For two years I worked as a hostess at a popular restaurant owned by some very close family friends. For two years I went through every single customer encounter you could ever dream of—yes, even the ones that you thought only happened in the movies. Unfortunately, they are very real.
When you first walk into a restaurant, the customary scene you'll be met with is one or two employees politely greeting you. What we are met with, is someone immediately telling us the number of their party. If somebody asks you how you are, you answer back right?! Wrong. At this moment, we are right off the bat pegging you as a rude customer.
We warn your server before they get to your table that you're going to be difficult because, obviously, you lack the common manners of most five-year-olds. We don't want them to be surprised when your first greeting to them is "Coffee. Decaf."
Let's say your greeting wasn't as painful, and you actually treated your hostesses as respectable human beings and not 'the help.' You get to your table, but your server doesn't immediately run up to you right as your butt hits the booth. Que the stank face. You are appalled that you are not their only table and cannot begin to fathom how they haven't brought your family of six their complicated drink order in less than two minutes.

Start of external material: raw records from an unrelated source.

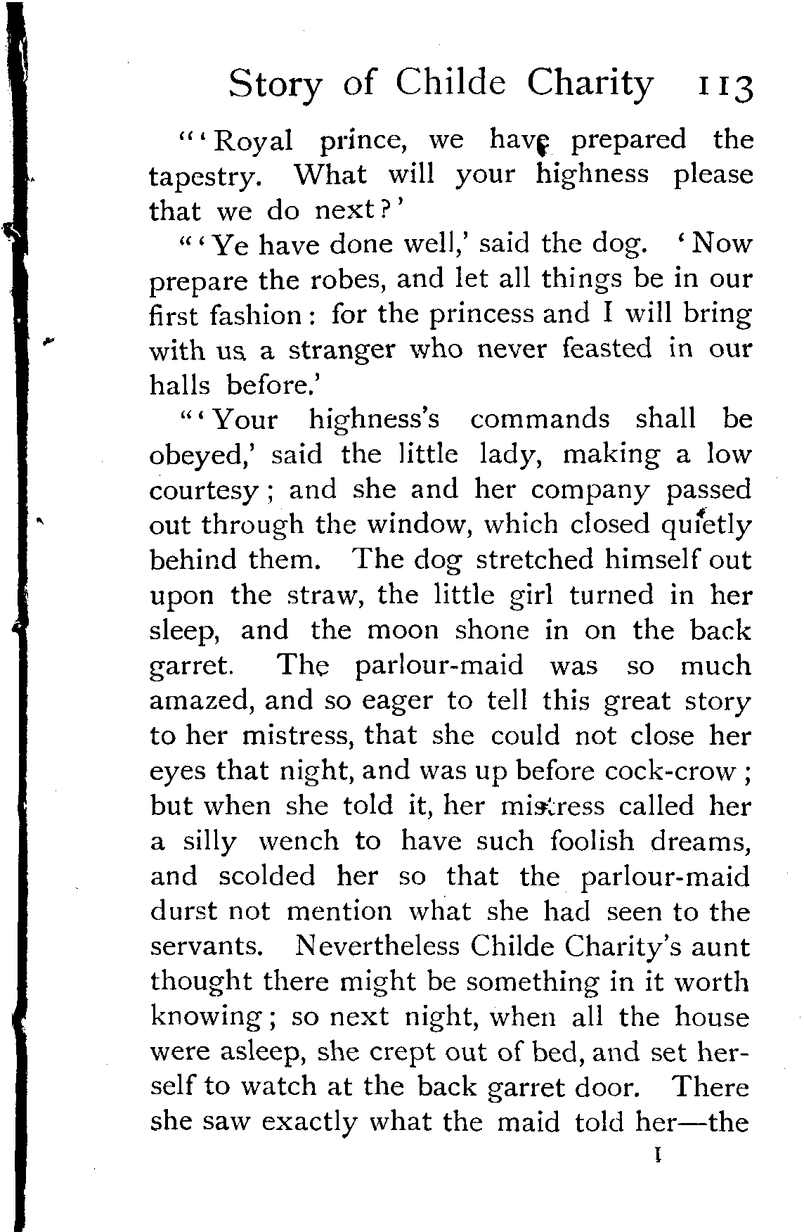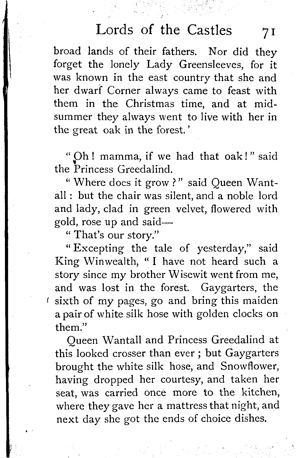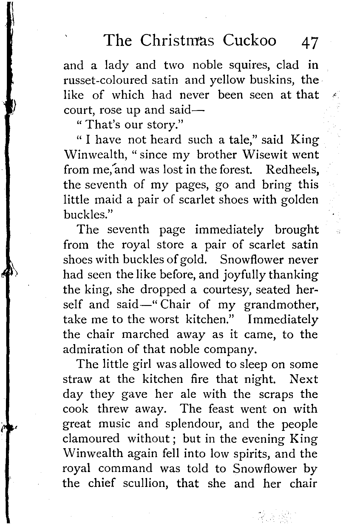 "Except the tale of yesterday, and the four that went before it, I have not heard such a story since my brother Wisewit went from me, and was lost in the forest," said King Winwealth. "Readyrein, the second of my pages, rise, and bring this maiden a purple velvet mantle."
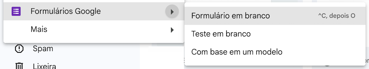 - Passe o cursor sobre a seta ao lado de Formulários Google no menu suspenso.
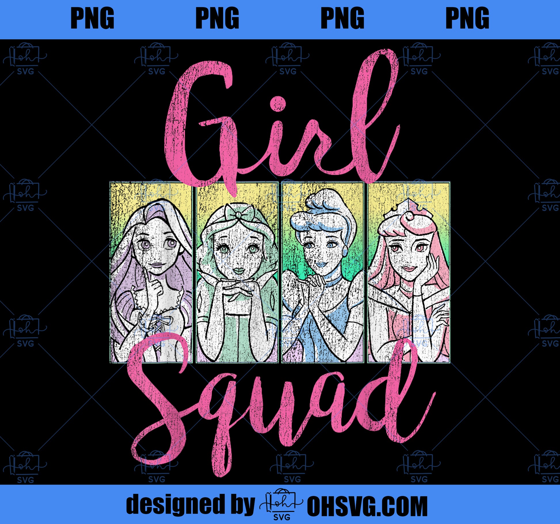 Disney Princess Girls Squad Group Shot Retro Graphic T-Shirt PNG, Disney PNG, Princess PNG
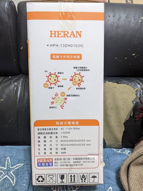 物品:HERAN禾聯陶瓷式電暖器HPH-13DH010(H)

Flash to the kitchen. We are 100% talking about you. We've had other employees pass your table to assure you that your server is super busy but is getting your drinks right now. Despite our overwhelming attention to you, you're still wildly unhappy. That's why we've decided to go slower than we usually would. We are in no hurry to help your server gather all of the proper cups for your glass of wine, cup of coffee, and styrofoam cup of chocolate milk for your eleven-year-old.
We've made our assumptions about your entire family already. You are a stay-at-home mom who excels in tennis at the local country club and gossiping about every single breathing human you've ever met. Your husband works a big wig job and because he can afford more ties than the average miserable forty-year-old, he thinks that gives him the 'okay' to treat those around him as though they are physically beneath him.
We already know how this encounter will end. You will leave a less than generous tip, not even hitting the 20% mark which is standard. We don't like you. Next time you come in, the servers will fight over who has to take care of you and your lovely family. We don't have time for people who don't value the work that we do.
A less threatening scenario and one that can go either way is if you're the person who asks for 2349857 things at different times, causing your server to run back and forth from the kitchen to your table. Now, your server is definitely going to be a little bit annoyed. That attitude just comes with the job. It's all about how you ask for things.
If you acknowledge the fact that you are running your server and are adding a 'please' and 'thank you' you're going to be appreciated. It's seriously the littlest things that don't make us hate our jobs. If you're rude and inconsiderate and demanding, then see the above paragraph for how we'll be reacting to it.
It's not hard to be nice to your restaurant employees, folks. Seriously, I promise. You don't have to treat us like we're the end all be all because we are surely not, but you aren't either. We're just working to get by and support ourselves and our loved ones.
And most importantly—if you aren't going to tip your server at least 20%, you should not be eating out.